Recognising the importance of opening up transport data, Ideas in Transit has been supporting the addition of information related to proposed UK transport schemes to Wikipedia and also into Freebase allowing both the public and policymakers to access core information about transport schemes much more quickly.
The initial work has been for the East of England where we have identified 93 schemes relating to airports, buses, roads, rail, shipping, cycling and walking with a total cost of in excess of £20billion.
For each scheme we have tried to provide a summary in a standard format identifing what is being proposed, why it is being proposed, what work is required, who is promoting it, what it would cost and when it might be built; we have also included details of any opposition to the scheme and the basis of this opposition. Information about schemes is also being presented as maps and in computer readable form (allowing it to be exported from Wikipedia and be searched using SPARQL).
We estimate that the inclusion of transport information within Wikipedia has reduced the time need to identify and understand a typical transport scheme from about 2 hours to 3 minutes. When we are able to search for schemes using SPARQL it will become even easier to find schemes of relevance to ones enquiry.
Here is a map giving details of 5 different transport schemes as detailed in the article about tranport in the Luton area.
And here is a map showing allow the recent and proposed developments, as detailed in the M25 motorway article.
As well as providing textual information and maps for schemes (which we are now publishing in svg format to allow others to edit them), we have also started publishing information as KML using Umapper such as this cycling/walking/public transport scheme in Ipswich and the East West Rail Link. Use of OpenStreetMap base mapping on Umapper allows us to publish this information using an open data license. Using KML allows the route of schemes to be exported into other applications for a variety of purposes.
For each scheme we have also created an Infobox; there was not already a suitable Infobox available within Wikipedia, so after discussion with other members of the Wikipedia community we created a new future infrastructure project Infobox which we have now deployed in a number of articles. The main advantage of using Infoboxes is that the information can automatically be ‘scrapped’ from Wikipedia into projects such as DBPedia and Freebase. Information about a number of schemes have already been imported into these databases, for example on the Norwich Northern Distributor Road.

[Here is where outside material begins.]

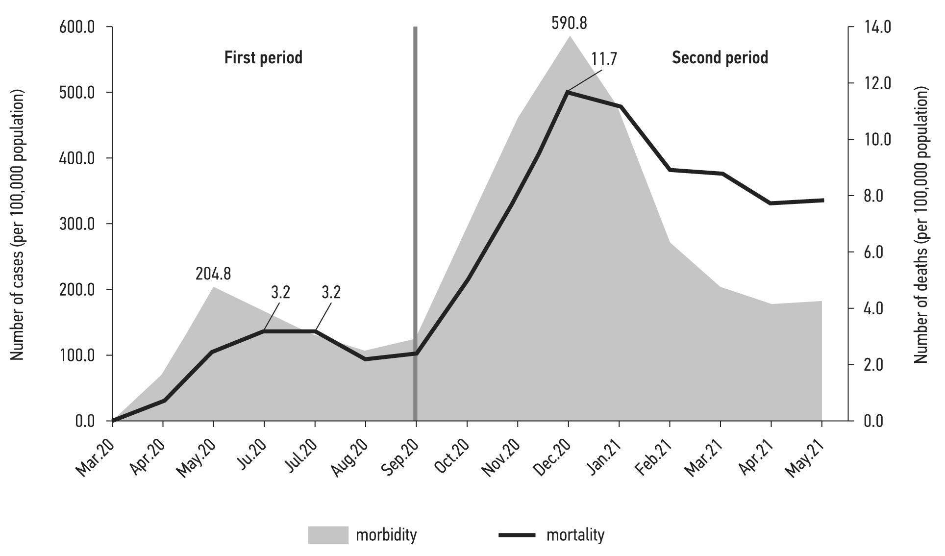 The initial period encompassed a 6-month duration (March–August 2020). During this period, the morbidity rate exhibited a fluctuating pattern, with an increase observed from March to April 2020 and a subsequent decline from June to August 2020. The maximum value of the incidence rate in this period was 204.8 cases per 100,000 population (May 2020), whereas the minimum value was 1.6 cases per 100,000 population (March 2020). In this period, the maximum values of the mortality rate were recorded subsequent to the peak of the incidence rate, occurring in June and July 2020 (3.2 cases per 100,000 population).

The integration of this content into Freebase is still ‘work in progress’ with issues that need to be resolved both about having multiple infoboxes on a single page and with importing KML into the databases. When these issues are resolved it will be possible to do SPARQL queries to find schemes that meet certain criteria, which will also be able to include spatial information. For example one would be be able to search for all schemes passing within x miles of a point, or all schemes within a defined area that relate to cycling. The availability of this information in a form where it can be searched using SPARQL will allow this information to used through the UK Governments open data site as promoted by Gordon Brown and Sir Tim Berners Lee.
Our experience to date has been that the time taken to understand a transport scheme varies from 15 minutes to many hours with an average of about 2 hours to research a scheme prior to writing about it. The time taken to research schemes is so long because the information is often buried in multiple different large pdf documents, there is often out-of-date information available, undated information and incorrect information. Maps are only sometimes provided but even where they are provided they can be of very poor quality, or be unusable due to excessive compression.
We also found that it was often hard to discover what schemes exist because the information about schemes is published on many different websites. Rail schemes are detailed within large PDF documents available from the Network Rail website, Highway Agency schemes are covered on their site organised by regions which are different from the Network Rail regions and regional assembly regions); other road schemes are normally on Transport Authority websites in a variety of formats, cycling schemes are likely to be on the Sustrans website and further schemes may be included in Local Development Frameworks produced by Borough and District councils , with information about ports, airport and ‘eco-towns’ to consider as well. In all we have identified over 25 web sites which may contain scheme information in the East of England. A further difficulty is that schemes have multiple names which can change over time. For example the Norwich Northern Distributor Road is also known a the Norwich Northern Distributor Route and the NDR.
We have received support from the Wikipedia community with others contributing to the articles, adding information, correcting mistakes and providing updates on occasions. It is however our belief that it will be advantageous to continue to populate information for the rest of the country as part of Ideas in Transit and not rely completely on voluntary effort.
To see this for yourself spend 20 minutes trying to find out about the ‘Lower Thames Crossing’ without using the Wikipedia article or any derivatives of Wikipedia (which include freebase and absoluteAstronomy and others). Try to find out what the current situation is, what it would cost and where it would be built. Then read the Wikipedia article we contributed to see if you are correct. You could also try selecting 3 schemes at random from the East of England scheme list and try the same test. Do add comments to the bottom of this post with your experiences.
This work has been carried out by ITO World Ltd with support from Ideas in Transit and their sponsors who consist of the Technology Strategy Board, the Department for Transport, and the EPSRC.